→ EXERCISE BRIEF: I'd like an exact copy of only the lines from the start of the listing below through the line that holds "8, 1948, scanned". Please keep the pictures out.

→ MATERIAL PROVIDED:
_ _ _ _ _

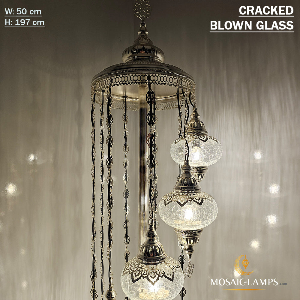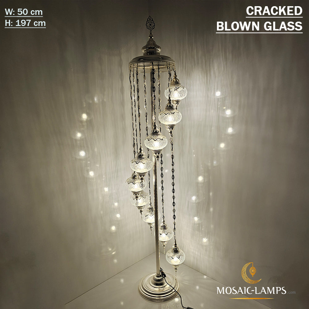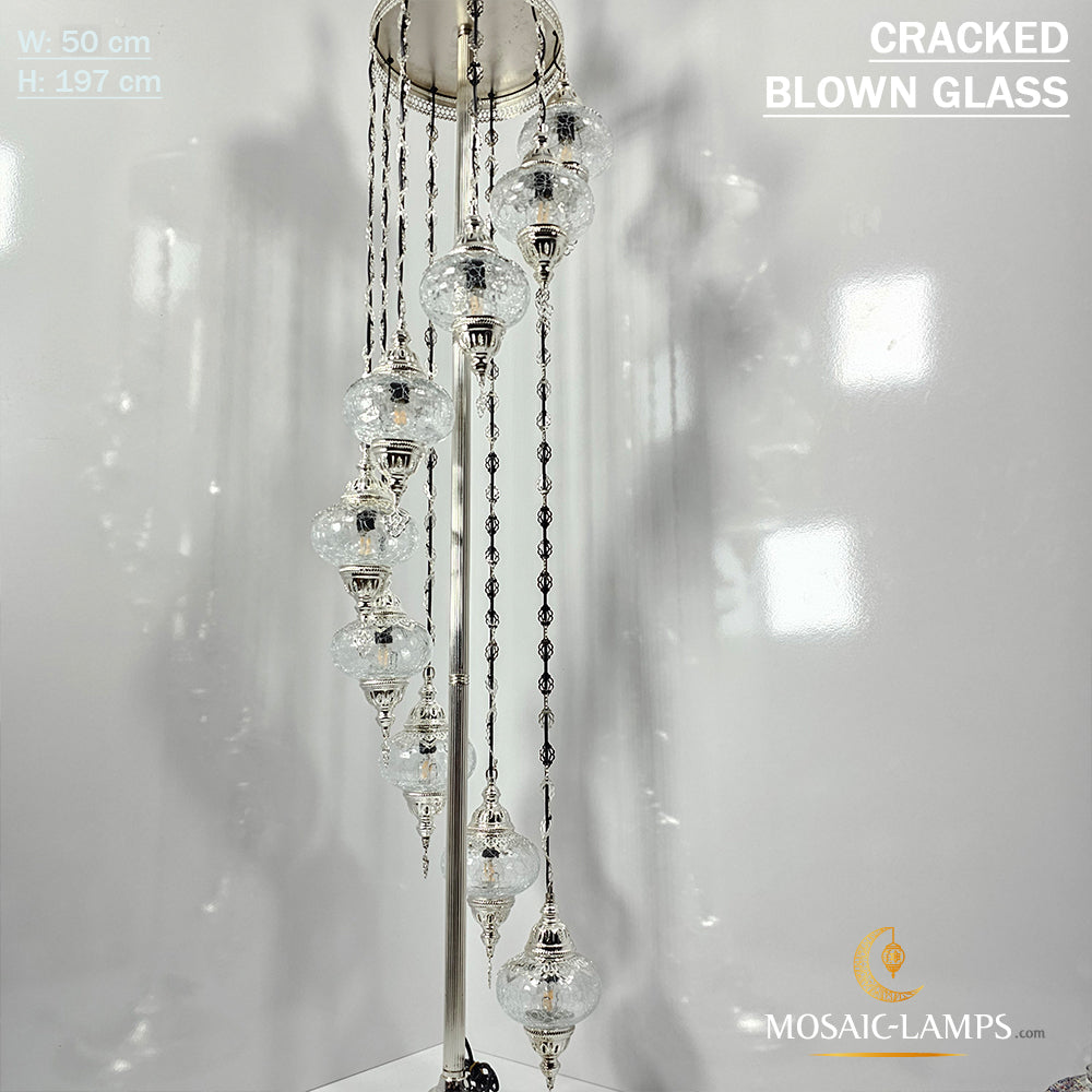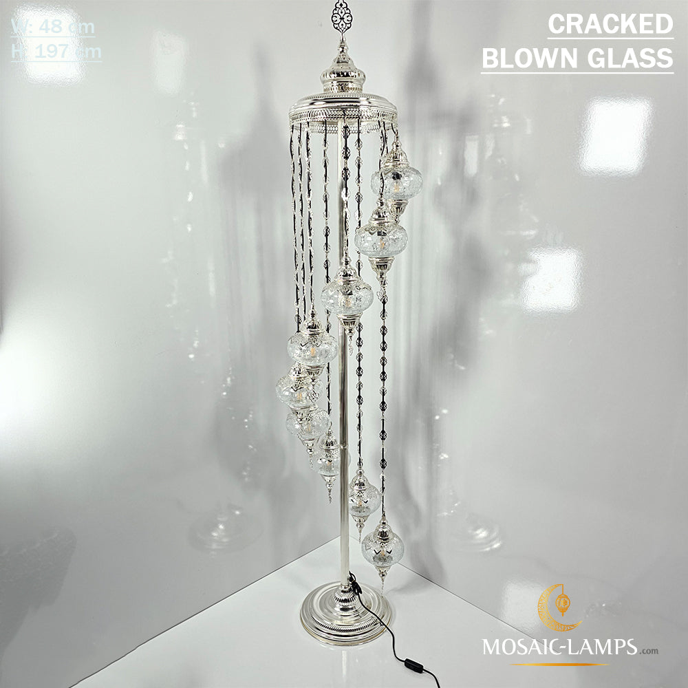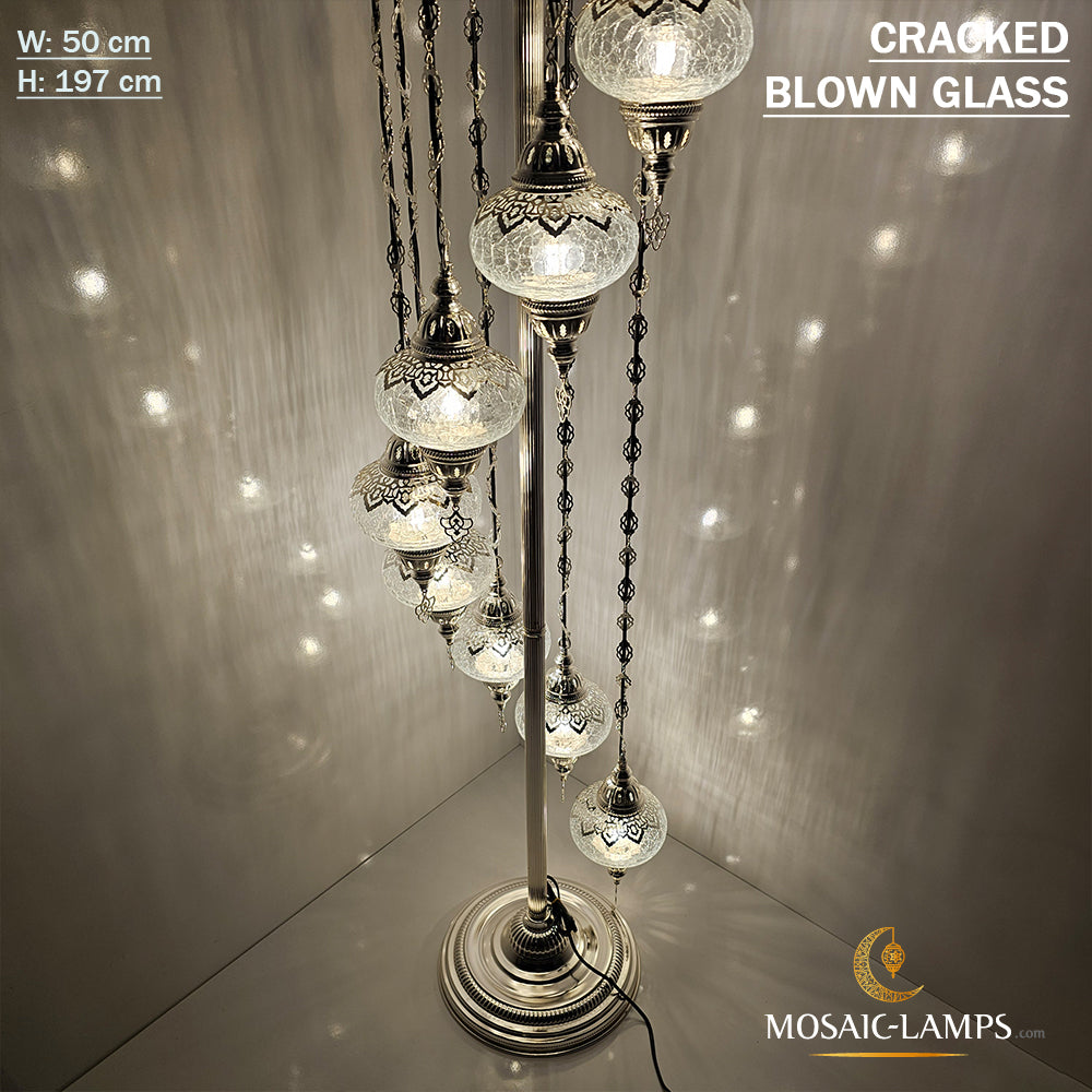9 Medium Clear Globe Turkish Floor Lamps, Handmade Cracked Blown Glass Lights, Moroccan, Ottoman Traditional, Office, Restaurant, Bar, Cafe Corner Lamps.
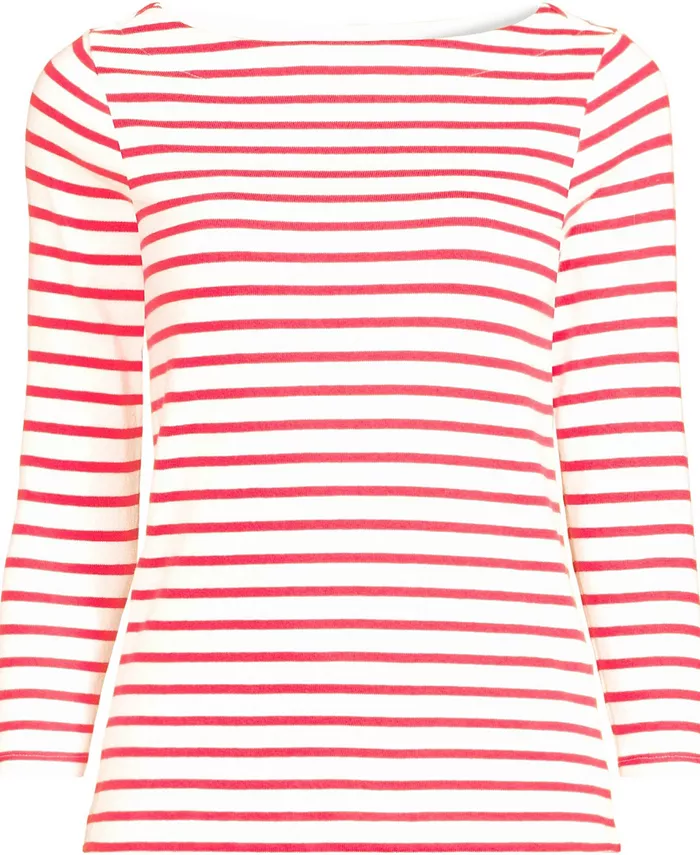 Прочная, дышащая ткань из чистого хлопка Фасон «лодочка» Рукава длиной три четверти Отделка ткани, устойчивая к образованию катышков и выцветанию 100% хлопок. Машинная стирка. Импортный. Трикотаж/Хлопок/Джерси Можно стирать в стиральной машине Импортный
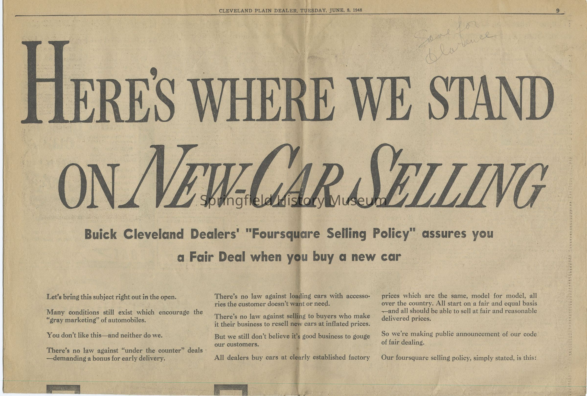 -"Here's where we stand on New-Car Selling" (Buick Cleveland), note "Save for Clarence", Cleveland Plain Dealer, June 8, 1948, scanned
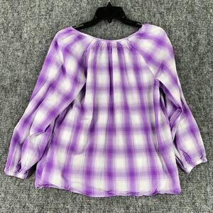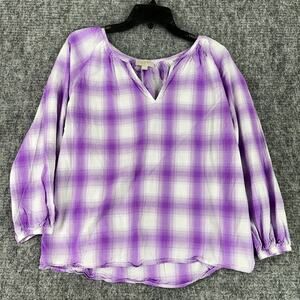 Loft Shirt Womens S Purple Plaid V-Neck Puff Sleeve Peasant Cottagecore Flowy

_ _ _ _ _

→ TASK RESULT:
9 Medium Clear Globe Turkish Floor Lamps, Handmade Cracked Blown Glass Lights, Moroccan, Ottoman Traditional, Office, Restaurant, Bar, Cafe Corner Lamps.
 Прочная, дышащая ткань из чистого хлопка Фасон «лодочка» Рукава длиной три четверти Отделка ткани, устойчивая к образованию катышков и выцветанию 100% хлопок. Машинная стирка. Импортный. Трикотаж/Хлопок/Джерси Можно стирать в стиральной машине Импортный
 -"Here's where we stand on New-Car Selling" (Buick Cleveland), note "Save for Clarence", Cleveland Plain Dealer, June 8, 1948, scanned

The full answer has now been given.